Jesús Ojeda Pérez, mejor conocido como “El Changuitos” vendedor de tejuino en la Plaza Tapatía de Guadalajara, nos dice cómo preparar la que considera “una tradición de Guadalajara”.

El tejuino se prepara con masa de maíz, piloncillo, canela y azúcar. Esos ingredientes se cuecen durante cuatro horas en un cazo. Cuando ya están cocidos, lo dejamos un día de reposo. Al otro día le echamos sal y limón y lo batimos tres veces, para qué, para que la sal y el limón se dispersen y se tomen algo de aquí. Viene siendo un bebida de maíz de nixtamal. Un atole fresco de nuestra Guadalajara. Es nuestra tradición.

De la olla de barro a las fábricas
Muchos productos ligados a nuestra dieta provienen de procesos de fermentación, ya sea para obtener derivados alcohólicos como el vino y la cerveza y otros no alcohólicos como panes y yogur.

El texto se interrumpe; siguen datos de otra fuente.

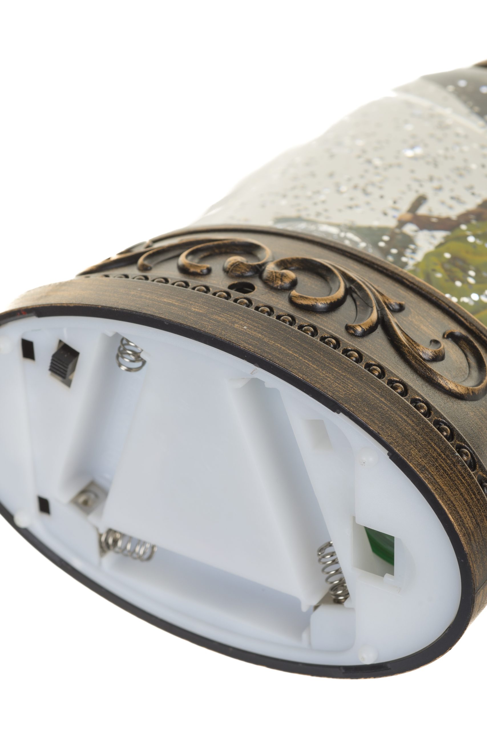 • Description: 9.5" Musical Oval Antique Brown Plastic Lantern Warm White LED Snow Globe with Nativity Scene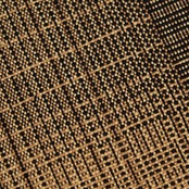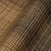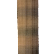 中間の薄茶・榛色の糸を中心にして、それより少し濃い茶・黄枯茶色と黒の糸を交えて、少しランダムに色が並んで変り格子のような模様を構成している、手織りの紬の味わいのある八寸名古屋帯です。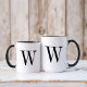 Modern farmhouse coffee mug personalized with a classic family monogram initial or other custom text. Use the design tools to add your own text and photos to create a unique one of a kind gift for newlyweds or housewarming.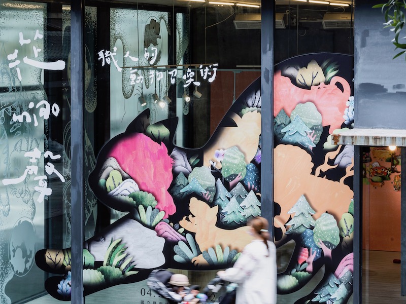 在玻璃牆上還有一大幅壁畫,三隻貓咪正在玩球,每顆球上都藏有貓咪。這是刺青師康予嫣仿刺青技法一點一點繪製而成,更特別留了一顆球現場創作。原來,球上的圖騰就是她以史博館典藏設計的紋身貼紙,牆上的壁畫則嘗試將畫布從皮膚移轉到玻璃上,讓觀眾從旁觀察並認識刺青創作的過程。
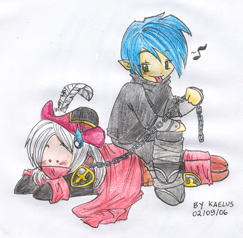 My boyfriend suggested I read this comic recently, and I remembered seeing this thread so when I was done with all 1224 I came straight here. I love everything you've done- these two are my OTP right now, which is pretty pathetic, but there you go. Why hasn't anyone played on the Thief's mind games with the Red Mage character? He does that whole crossdressing thing because of his 'daddy issues', which according to the Thief was just 'messing with him'. I can't remember which strip that's in exactly... But I think that's pretty good starting for some georgeously fucked up pornography. I would give one of my favourite organs up for more Fighter material- because I think he's a total darling. And now he's hot. Thread, you have given me the most embarassing crushes in the whole world.

Por su alto consumo varios de ellos dejaron atrás su origen artesanal para trasladarse a emporios alimenticios y de allí,  a exhibirse en anaqueles de supermercados y casas naturistas, en llamativos empaques y envases plásticos que resaltan sus propiedades, no tanto desde el punto de vista médico sino  desde el punto de vista estético.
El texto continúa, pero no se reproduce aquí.